Biocontrol is when natural enemies are used to suppress pests and reduce the amount of damage they cause. Natural enemies are insects that are antagonistic to pest insects. There are three types of natural enemies: predators, parasitoids, and pathogens. Preserving natural enemy populations is crucial to reducing our reliance on pesticides because when natural enemies are active, pest outbreaks are less likely to occur in the first place. Predators need food all year, so they also need alternate prey available in order to prevent pest outbreaks. Pesticides eliminate beneficial insects in addition to pests, so they should be used only as a last resort.

Fun fact: Fireflies spend much of the year as larval predators belowground, feeding on pests like grubs in turfgrass yards. If no prey is available in yards, then there will be no display of adult fireflies in the summer.

Types of insects used for biocontrol:

Beetles, lacewings, wasps, and dragonflies

Other types of organisms used for biocontrol:

Fungi, birds, amphibians, reptiles, and mammals

More information: Approaches to the Biological Control of Insect Pests.

small wasp parasitizes eggs of a pest insect — An adult samurai wasp lays eggs in a mass of brown marmorated stink bug eggs. Credit: Chris Hedstrom, CC BY-SA 2.0 DEED

Seed dispersal

Seed dispersal is when seeds are moved away from the parent plant. Seeds are moved when insects knock them off while feeding or when insects collect and then move seeds to a new location. Seed dispersal is important because it reduces resource competition between the parent plant and offspring plants. It also makes germination and seedling survival more likely, especially in arid climates.

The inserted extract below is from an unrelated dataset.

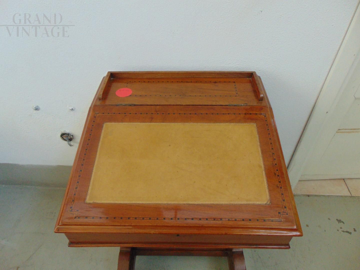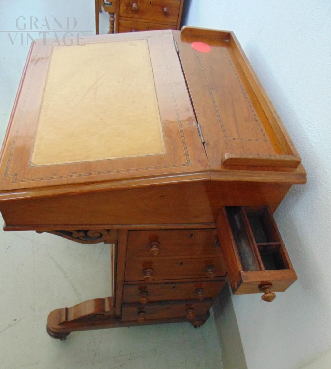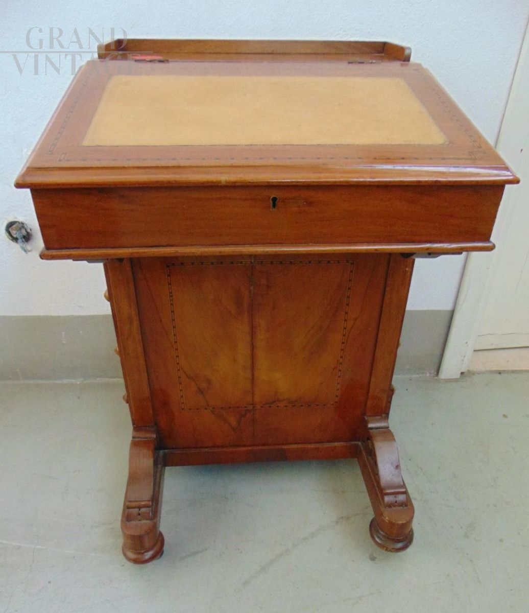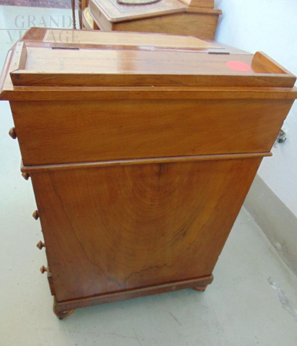 Antique English davenport - ship's writing desk in mahogany with marquetry and side drawers.

Types of insect seed dispersers:

Ants (most effective), beetles, wasps, thrips, and some moths

Other types of seed dispersers:

Fruit-eating animals (frugivores), such as some monkeys, lizards, and bats
Unwitting animal dispersers of sticky seeds like this

More information:

Seed Dispersal – The Australian Museum

The Conservation Physiology of Seed Dispersal

two ants carrying a seed — Two ants carrying a plant seed. Credit: Mark Chinnick, CC BY-NC-ND 2.0 DEED

Decomposition & nutrient cycling

Nutrient cycling and decomposition are two important processes that rely on one another. Nutrient cycling is when soil nutrients are taken up by plants, insects eat plants, and then those nutrients are reintroduced into the soil when dead insects and droppings are broken back down into nutrients via decomposition. Decomposer insects help clear dead animals and plants off the ground which would otherwise accumulate everywhere. They also help create soil texture and circulate nutrients back into the soil, which plant populations and productivity depend on.

Types of insect decomposers:

Many beetles, springtails, termites, wood cockroaches, and some fly larvae (maggots)

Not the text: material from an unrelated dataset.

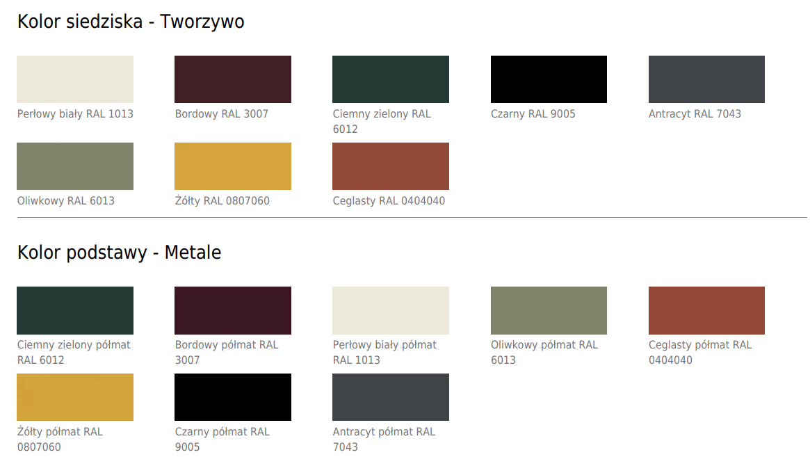 Podstawa - stelaż Ø22 mm, grubość ścianki 2,5 mm, malowana proszkowo;

Other types of decomposers:

Fungi, earthworms, pillbugs, and millipedes

More information: Decomposers

a black shiny beetle on a log — An adult bess beetle crawls across a log. Bess beetles are important decomposers and return nutrients to the soil. Credit: Kelsey McGurrin, used with permission

Supporting food webs

Insects are a main source of protein and nutrition for many animals (and even some plants). They play a crucial role in transferring energy from plants to larger animals that eat insects like spiders, birds, frogs, fish, bats, foxes, opossums, and bears. This wide food base that they provide allows for functioning, stable ecosystems that are resilient to disruptions.

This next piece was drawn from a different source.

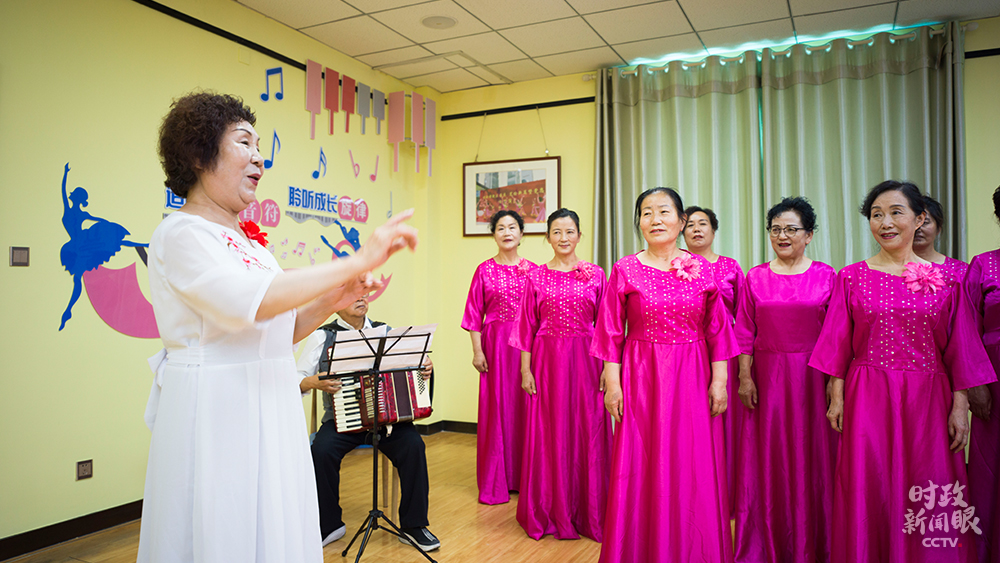 △社區(qū)合唱團(tuán)正在排練,總指揮是66歲的社區(qū)居民王紅梅。(總臺央視記者彭漢明拍攝)

Fun fact: By weight, there are roughly 300 times more insects than humans on Earth.
There are so many animals that eat insects, but here are just a few examples:

Terrestrial bird species, in particular, feed their babies almost exclusively with insects, and if there are fewer insects, baby birds are less successful at fledging from nests.
Popular fish like salmon, bass, and trout eat insects, especially when they’re young.
Grizzly bears will eat tens of thousands of moths a day to prepare for hibernation.

two mockingbirds eating a praying matis — Northern Mockingbird adult feeding a praying mantis to a young bird. Credit: Becky Matsubara, CC BY 4.0 DEED

Pollination is the transfer of pollen between flowers, resulting in flower fertilization and seed/fruit production. It is an unintentional consequence of pollinators going from flower to flower to feed themselves. Pollination is crucial for human survival, as 80% of plant-based foods and products rely on animal pollination. According to the USDA, pollinated crops are worth $18 billion in the US alone. Foods requiring pollination include apples, blueberries, chocolate, coffee, grapefruit, peaches, peppermint, sugarcane, tequila, and vanilla.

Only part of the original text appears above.